*** Opening Input material ***

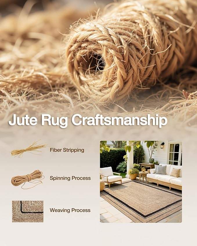 Alfombra de Yute Tejida a Mano, Alfombra de Fibra Natural con Borde Negro, Alfombra Ecológica para Sala de Estar, Dormitorio, Decoración del Hogar
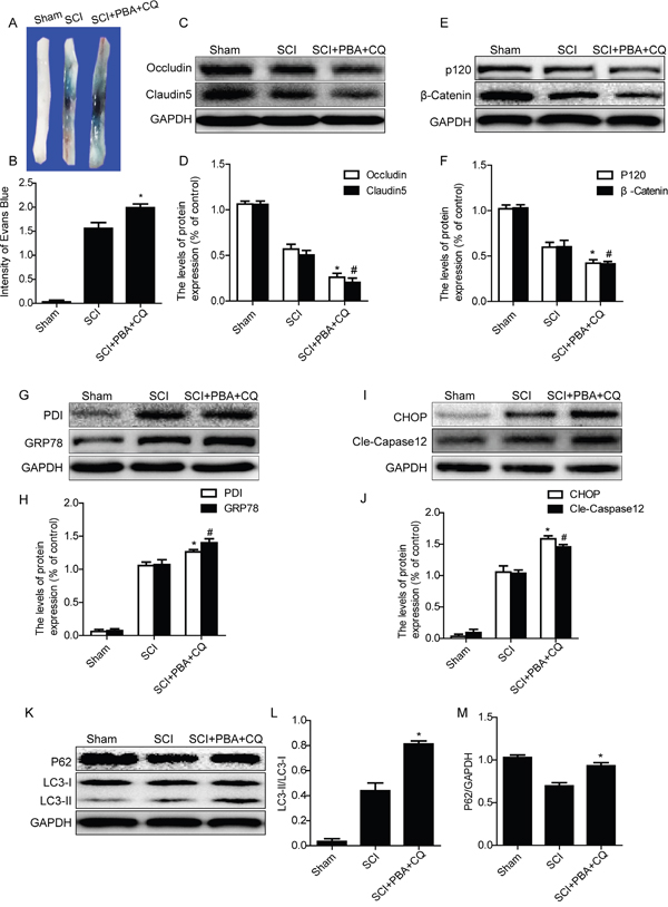 Figure 6: Chloroquine treatment abolishes the BSCB protective effect of PBA by exacerbating ER stress after SCI. A and B. Representative whole spinal cords and quantification of BSCB permeability data in each group showing Evan’s Blue dye permeabilized into spinal cord. *P< 0.05 vs SCI groups, n=4. C-F. Representative western blots and quantification data of TJ proteins (Occludin and Claudin5) and AJ proteins (β-catenin and P120) in the sham, SCI and SCI+PBA+CQ groups. *P< 0.05, #P< 0.05 vs SCI group, n≥3. G-J. Representative western blots and quantification data of ER stress markers: GRP78, PDI, CHOP and Cleaved-Caspase12, in the sham, SCI and SCI+PBA+CQ groups, *P< 0.05, #P< 0.05 vs SCI group, n≥3. K-M. Representative western blots and quantification data of autophagy markers: LC3-II and P62, in the sham, SCI and SCI+PBA+CQ groups, *P< 0.05 vs SCI group, n≥3.
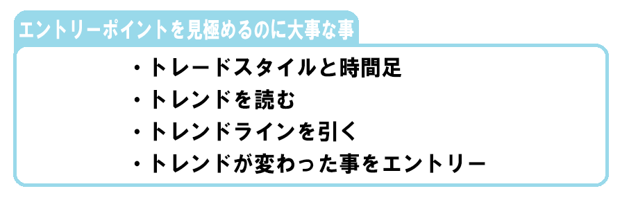 エントリーポイントは長期トレンドを確認した上で短期トレンドの動向で決めます。
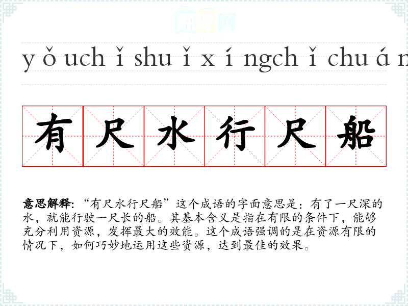 “有尺水行尺船”这个成语的字面意思是:有了一尺深的水,就能行驶一尺长的船。其基本含义是指在有限的条件下,能够充分利用资源,发挥最大的效能。这个成语强调的是在资源有限的情况下,如何巧妙地运用这些资源,达到最佳的效果。
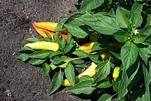 The banana pepper (also known as the yellow wax pepper or banana chili) is a medium-sized member of the chili pepper family that has a mild, tangy taste. While typically bright yellow, it is possible for them to change to green, red, or orange as they ripen.[1] It is often pickled, stuffed or used as a raw ingredient in foods. It is a cultivar of the species Capsicum annuum. Its flavor is not very hot (0–500 Scoville units) and, as is the case with most peppers, its heat depends on the maturity of the pepper, with the ripest being sweeter than younger ones.
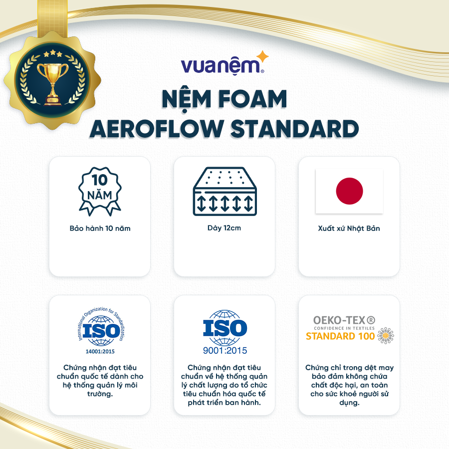 Nệm Foam Aeroflow Standard đáp ứng tiêu chuẩn khắt khe về chất lượng, đảm bảo tuyệt đối an toàn về sức khoẻ và phù hợp với tất cả mọi người.
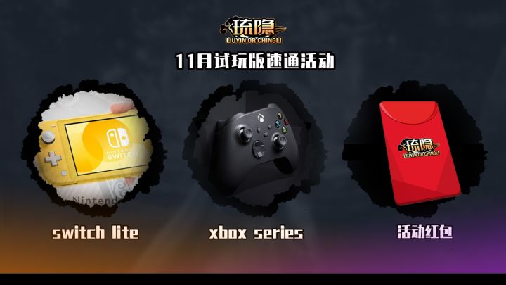 11月PC试玩版速通有奖活动预告(36名)1,switch lite+随机箱子密码2,XBOX SERIES手柄+随机箱子密码3,琉隐红包(20-200)+随机箱子密码注:上次参与活动未中奖的小伙伴可以累积抽奖次数。感谢大家长久来的支持,11月内揭晓活动内容规则,后续游戏上线后也会定期在群内开展PC版和移动版的活动作为对玩家老爷们支持的回馈。感谢大家的陪伴才使得游戏变得越来越丰富,同时PC版发售日期与售价也将在本月内公布,还请期待。
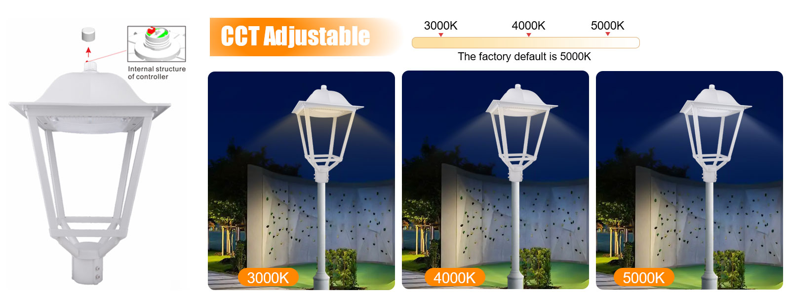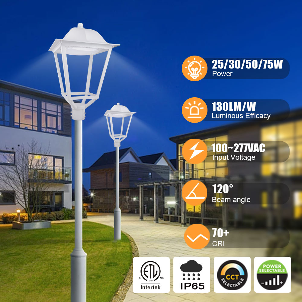 What are the advantages of 50W Post Top Garden Lights 100-277VAC 3000K 4000K 5000K with White Shape?
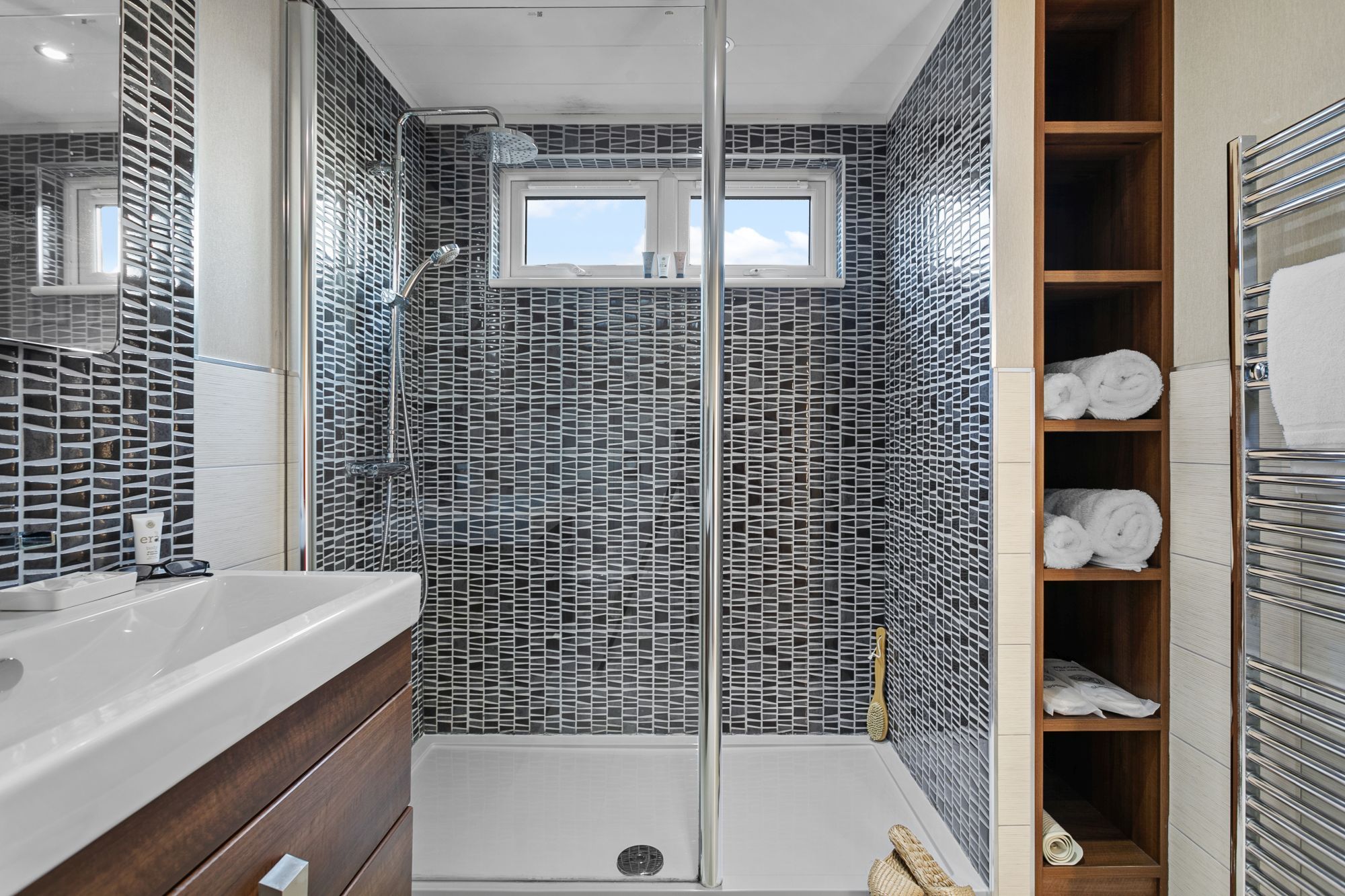 - Master bedroom en-suite with large walk-in shower, basin, heated towel rail and WC
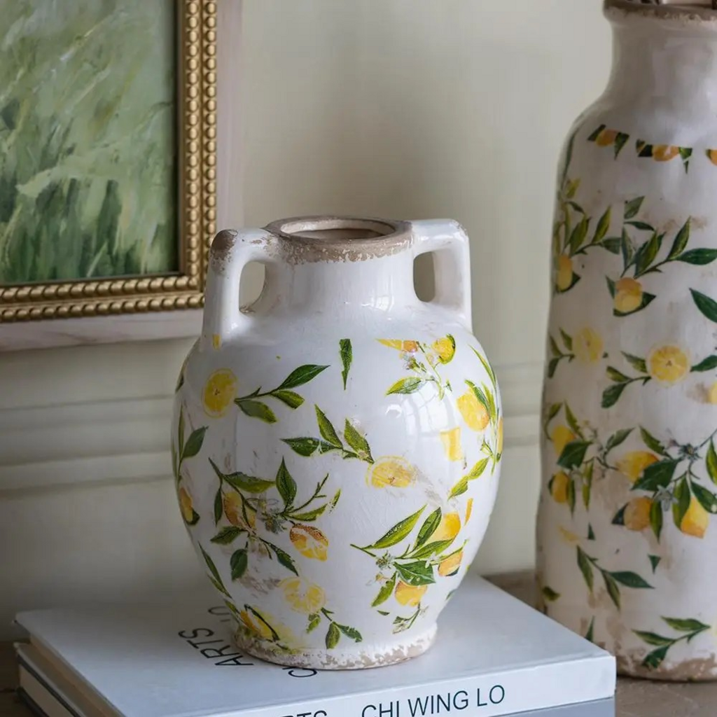 A timeless piece that exudes vintage elegance with a touch of rustic charm. Crafted from smooth ceramic, this vase features a creamy white glaze with a weathered finish, its subtle cracks and imperfections adding an authentic, aged allure. Adorning its surface is a delicate, hand-painted floral pattern in soft sage green, with intricate vines, blooming flowers, and tiny leaves that create a lush, garden-inspired design, evoking the tranquility of a countryside meadow. The vase’s classic, cylindrical shape and slightly chipped rim enhance its old-world appeal, making it a perfect vessel for fresh blooms like white peonies or as a decorative accent in a farmhouse living room, cozy dining room, or vintage-inspired display. 11.6 x 6.5 x 6.5 in

*** Closing Input material ***

The records above should be returned word for word, with every picture left out.

Output below -
 Alfombra de Yute Tejida a Mano, Alfombra de Fibra Natural con Borde Negro, Alfombra Ecológica para Sala de Estar, Dormitorio, Decoración del Hogar
 Figure 6: Chloroquine treatment abolishes the BSCB protective effect of PBA by exacerbating ER stress after SCI. A and B. Representative whole spinal cords and quantification of BSCB permeability data in each group showing Evan’s Blue dye permeabilized into spinal cord. *P< 0.05 vs SCI groups, n=4. C-F. Representative western blots and quantification data of TJ proteins (Occludin and Claudin5) and AJ proteins (β-catenin and P120) in the sham, SCI and SCI+PBA+CQ groups. *P< 0.05, #P< 0.05 vs SCI group, n≥3. G-J. Representative western blots and quantification data of ER stress markers: GRP78, PDI, CHOP and Cleaved-Caspase12, in the sham, SCI and SCI+PBA+CQ groups, *P< 0.05, #P< 0.05 vs SCI group, n≥3. K-M. Representative western blots and quantification data of autophagy markers: LC3-II and P62, in the sham, SCI and SCI+PBA+CQ groups, *P< 0.05 vs SCI group, n≥3.
 エントリーポイントは長期トレンドを確認した上で短期トレンドの動向で決めます。
 “有尺水行尺船”这个成语的字面意思是:有了一尺深的水,就能行驶一尺长的船。其基本含义是指在有限的条件下,能够充分利用资源,发挥最大的效能。这个成语强调的是在资源有限的情况下,如何巧妙地运用这些资源,达到最佳的效果。
 The banana pepper (also known as the yellow wax pepper or banana chili) is a medium-sized member of the chili pepper family that has a mild, tangy taste. While typically bright yellow, it is possible for them to change to green, red, or orange as they ripen.[1] It is often pickled, stuffed or used as a raw ingredient in foods. It is a cultivar of the species Capsicum annuum. Its flavor is not very hot (0–500 Scoville units) and, as is the case with most peppers, its heat depends on the maturity of the pepper, with the ripest being sweeter than younger ones.
 Nệm Foam Aeroflow Standard đáp ứng tiêu chuẩn khắt khe về chất lượng, đảm bảo tuyệt đối an toàn về sức khoẻ và phù hợp với tất cả mọi người.
 11月PC试玩版速通有奖活动预告(36名)1,switch lite+随机箱子密码2,XBOX SERIES手柄+随机箱子密码3,琉隐红包(20-200)+随机箱子密码注:上次参与活动未中奖的小伙伴可以累积抽奖次数。感谢大家长久来的支持,11月内揭晓活动内容规则,后续游戏上线后也会定期在群内开展PC版和移动版的活动作为对玩家老爷们支持的回馈。感谢大家的陪伴才使得游戏变得越来越丰富,同时PC版发售日期与售价也将在本月内公布,还请期待。
 What are the advantages of 50W Post Top Garden Lights 100-277VAC 3000K 4000K 5000K with White Shape?
 - Master bedroom en-suite with large walk-in shower, basin, heated towel rail and WC
 A timeless piece that exudes vintage elegance with a touch of rustic charm. Crafted from smooth ceramic, this vase features a creamy white glaze with a weathered finish, its subtle cracks and imperfections adding an authentic, aged allure. Adorning its surface is a delicate, hand-painted floral pattern in soft sage green, with intricate vines, blooming flowers, and tiny leaves that create a lush, garden-inspired design, evoking the tranquility of a countryside meadow. The vase’s classic, cylindrical shape and slightly chipped rim enhance its old-world appeal, making it a perfect vessel for fresh blooms like white peonies or as a decorative accent in a farmhouse living room, cozy dining room, or vintage-inspired display. 11.6 x 6.5 x 6.5 in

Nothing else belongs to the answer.